13. A method of determining whether a treatment regimen is suitable for an individual having a metabolic disorder, the method comprising:

(i) detecting in a sample from the individual the presence or absence of the ER22/23EK polymorphism in the glucocorticoid receptor gene; and

(ii) determining whether the treatment is suitable for the individual, wherein the suitability of the treatment depends on the presence or absence of the ER22/23EK polymorphism.

14. A method for diagnosing and treating an individual susceptible to a metabolic disorder, the method comprising:

(i) detecting in a sample from the individual the presence or absence of the ER22/23EK polymorphism in the glucocorticoid receptor gene; and

(ii) administering to an individual having the ER22/23KK polymorphism a therapeutically effective amount of an agent which prevents or treats the metabolic disorder.

15. A method for increasing the life expectancy of an individual, the method comprising:

(i) detecting in a sample from the individual the presence or absence of the ER22/23EK polymorphism in the glucocorticoid receptor gene; and

(ii) introducing into the individual an allele of the glucocorticoid receptor gene or a glucocortidicoid receptor, wherein said gene or polypeptide does not have said polymorphism.

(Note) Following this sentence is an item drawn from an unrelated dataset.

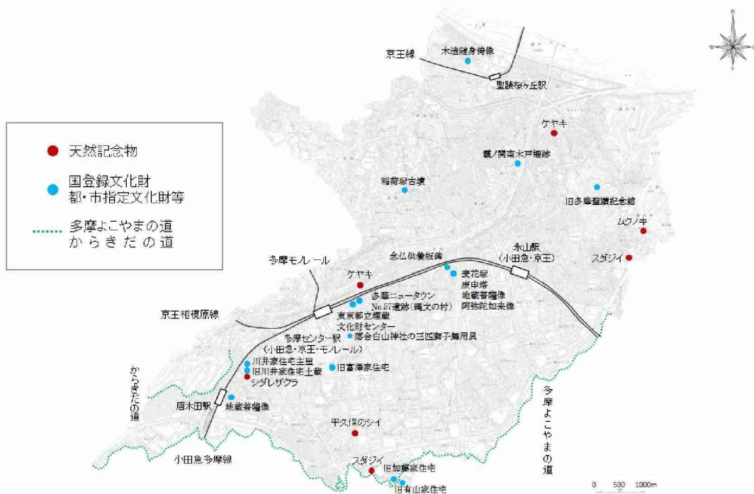
この地図は、東京都知事の承認を受けて、東京都縮尺 2,500 分の 1 地形図を利用して作成したものである。 (承認番号) 4 都市基交著第 63 号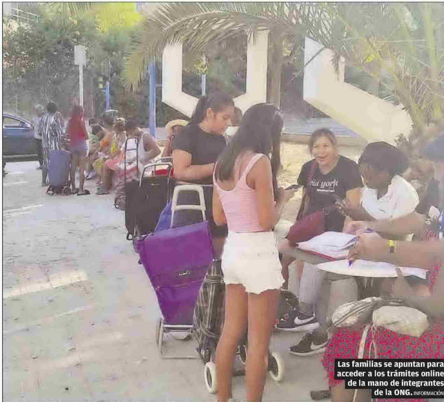
Las familias se apuntan para acceder a los trámites online de la mano de integrantes de la ONG. INFORMACION

16. A method for identifying an agent for use in the treatment of a metabolic disorder or for increasing life expectancy, the method comprising:

(i) contacting a glucocorticoid receptor polypeptide having the sequence shown in SEQ ID NO: 1 or a fragment thereof which includes the ER22/23EK polymorphism with a test agent;

(ii) monitoring binding of the test agent to the polypeptide; and

(iii) determining whether said test agent may increase life expectancy or be suitable for treating a metabolic disease, wherein for increasing life expectancy or treating a metabolic disease agent is one that binds to the polypeptide.

17. A method according to claim 16 wherien said glucocorticoid receptor polypeptide is in a non-human animal which is transgenic for a polynucleotide having the sequence shown in SEQ ID NO: 1.